In the early 2000's I was looking at a wafer scale startup that had the same idea but they were applying it to an FPGA architecture rather than a set of tensor units for LLMs. Nearly the exact same pitch, "we don't have to have all of our GLUs[2] work because the built in routing only uses the ones that are qualified." Xilinx was still aggressively suing people who put SERDES ports on FPGAs so they were pin limited overall but the idea is sound.
While I continue to believe that many people are going to collectively lose trillions of dollars ultimately pursuing "AI" at this stage.

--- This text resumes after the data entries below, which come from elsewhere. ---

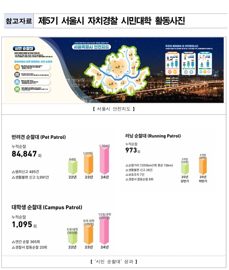 - 전국 최초 반려견·러닝·대학생 순찰대 도입 등 참여형 치안 모델 소개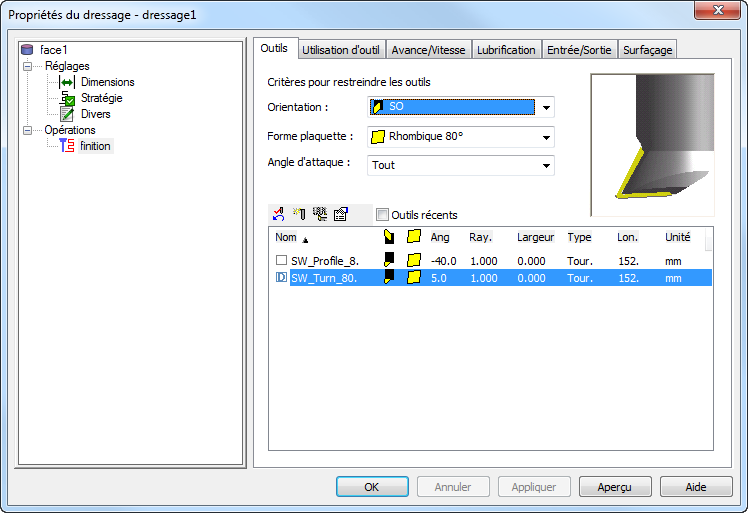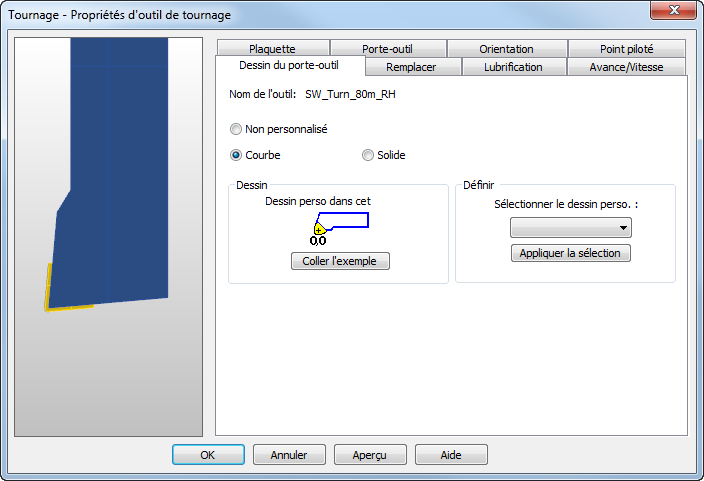 - Le porte-outil solide est affiché dans la fenêtre aperçu dans l'onglet ensuite vous pourrez voir la position de la plaquette relative au porte-outil :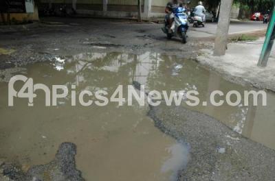 Photo Caption : Bengaluru has become a city of potholes after the recent rainfall, the Bengaluru city roads have gone worse, as the city roads have crater like potholes and the rain water is logged in these huge potholes causing problems to the motorists at Benson Road Cross, in Bengaluru on Thursday 9th June 2016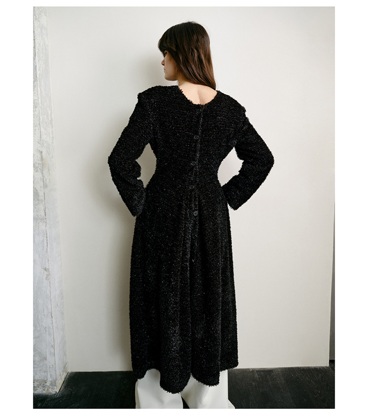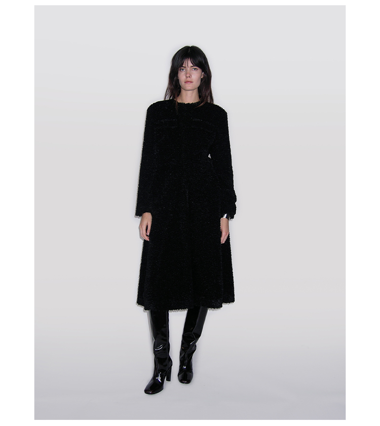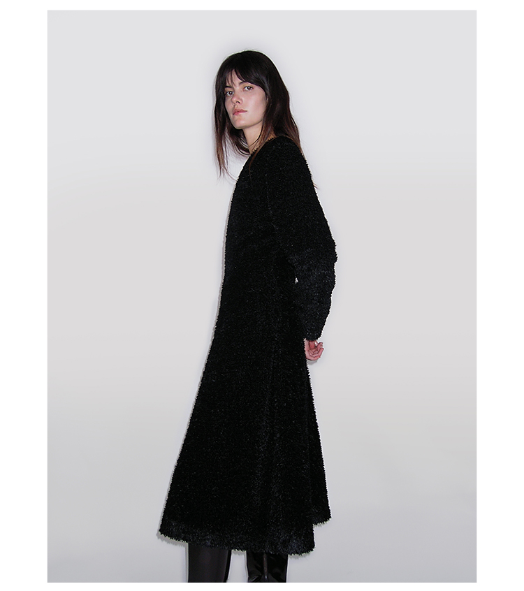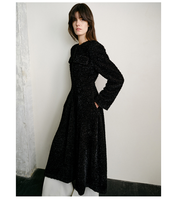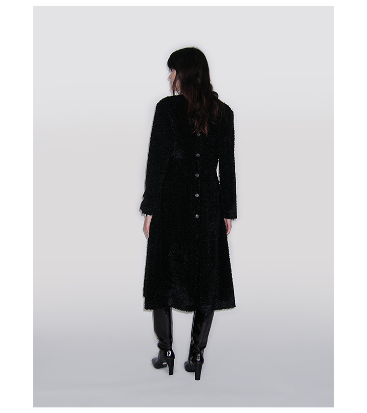 HIDEMI 节日系列极简设计感前后两穿纽扣式宽肩收腰长款多穿式连衣裙大衣外套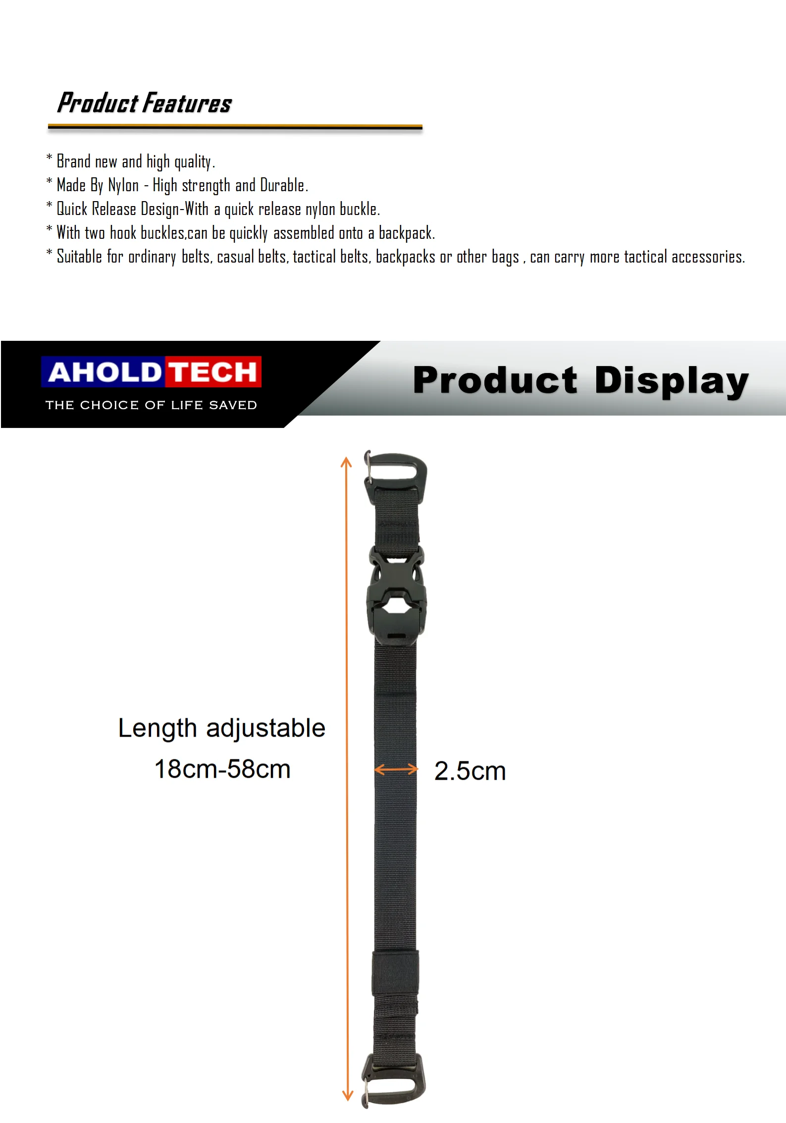 * Diseño de liberación rápida: con una hebilla de nylon de liberación rápida.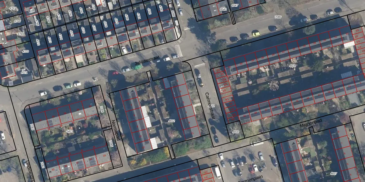 Het perceel waarop Carmenstraat 3 staat heeft een oppervlakte van 1740 m². Dit is een zeer groot perceel. De perceeloppervlakte wordt geregistreerd door het Kadaster. Gedetailleerde informatie over de maten van dit perceel kunt u vinden in het rapport Kadastrale kaart met maatvoering van Carmenstraat 3.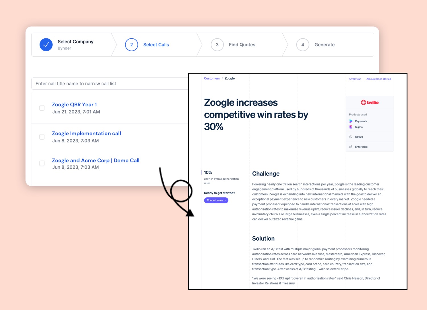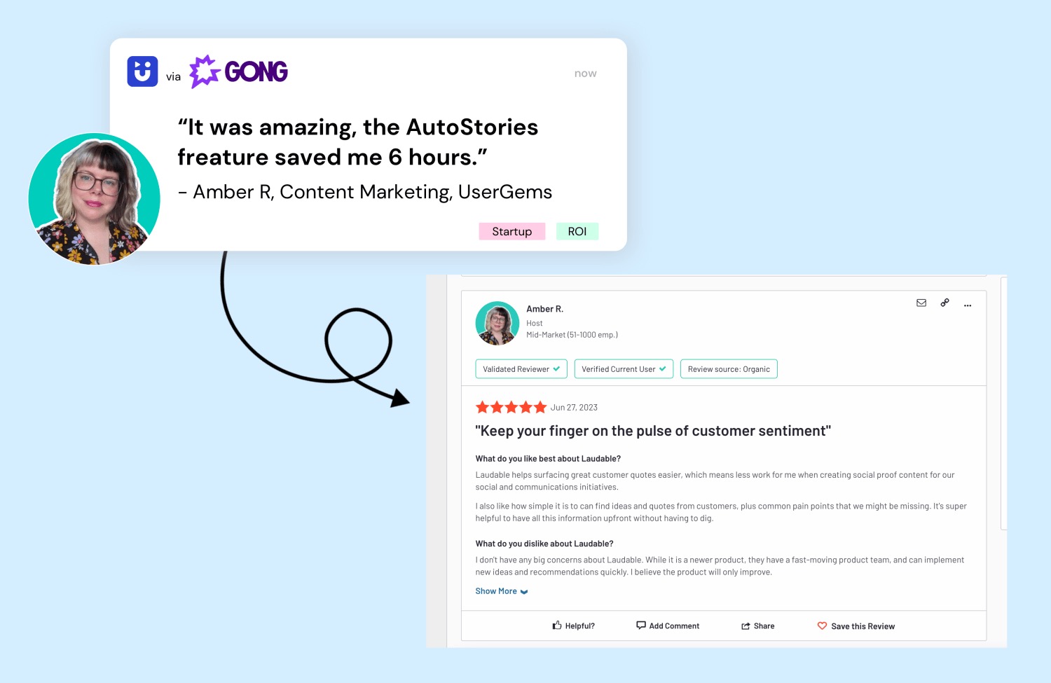 This integration enables users to find customer advocates, testimonials, 5-star reviews hiding in Gong Call recordings - and use them to win more deals.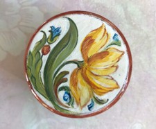 Enbois lisse verni. Envoitrès soigné. Poids : 58g. diamètre à l’endroit le plus large de la boîte : 7 cm.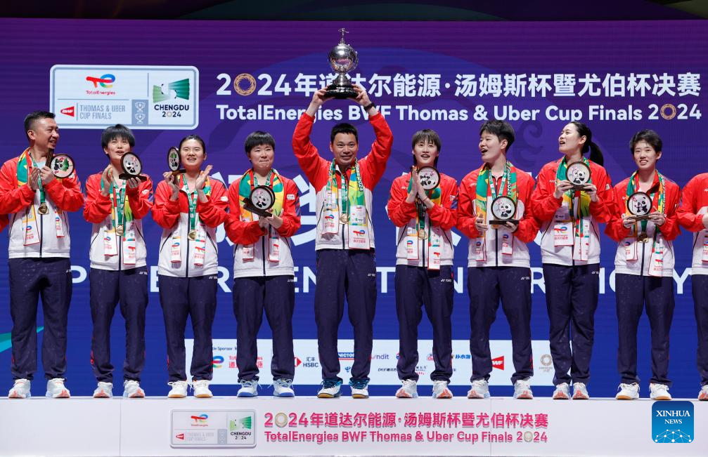 Team China celebrate during the awarding ceremony of the BWF Uber Cup Finals in Chengdu, southwest China's Sichuan Province, May 5, 2024. (Xinhua/Shen Bohan)

I appreciate the the amount of money people are willing to put at risk here allow for folks to try these "out of the box" kinds of ideas.
[1] It is physically more cores on a single die but the overall system is likely smaller, given the integration here.
[2] "Generic Logic Unit" which was kind of an extended LUT with some block RAM and register support.
Of course many people are going to collectively lose trillions, AI's a very highly hyped industry with people racing into it without an intellectual edge and any temporary achievement by any one company will be quickly replicated and undercut by another using the same tools. Economic success of the individuals swarming on a new technology is not a guarantee whatsoever, nor is it an indicator of the impact of the technology.
Just like the dotcom bubble, AI is gonna hit, make a few companies stinking rich, and make the vast majority (of both AI-chasing and legacy) companies bankrupt. And it's gonna rewire the way everything else operates too.
Any thoughts on why they are disabling so many cores in their current product? I did some quick noodling based on the 46/970000 number and the only way I ended up close to 900,000 was by assuming that an entire row or column would be disabled if any core within it was faulty. But doing that gave me a ~6% yield as most trials had active core counts in the high 800,000s
So they massively reduce the area lost to defects per wafer, from 361 to 2.2 square mm. But from the figures in this blog, this is massively outweighed by the fact that they only get 46222 sq mm useable area out of the wafer, as opposed to 56247 that the H100 gets - because they are using a single square die instead of filling the circular wafer with smaller square dies, they lose 10,025 sq mm!
Not sure how that's a win.
Unless the rest of the wafer is useable for some other customer?
An H100 has a TDP of 700 watts (for the SXM5 version). With a die size of 814 mm^2 that's 0.86 W/mm^2. If the cerebras chip has the same power density, that means a cerebras TDP of 37.8 kW.
That's a lot. Let's say you cover the whole die area of the chip with water 1 cm deep. How long would it take to boil the water starting from room temperature (20 degrees C)?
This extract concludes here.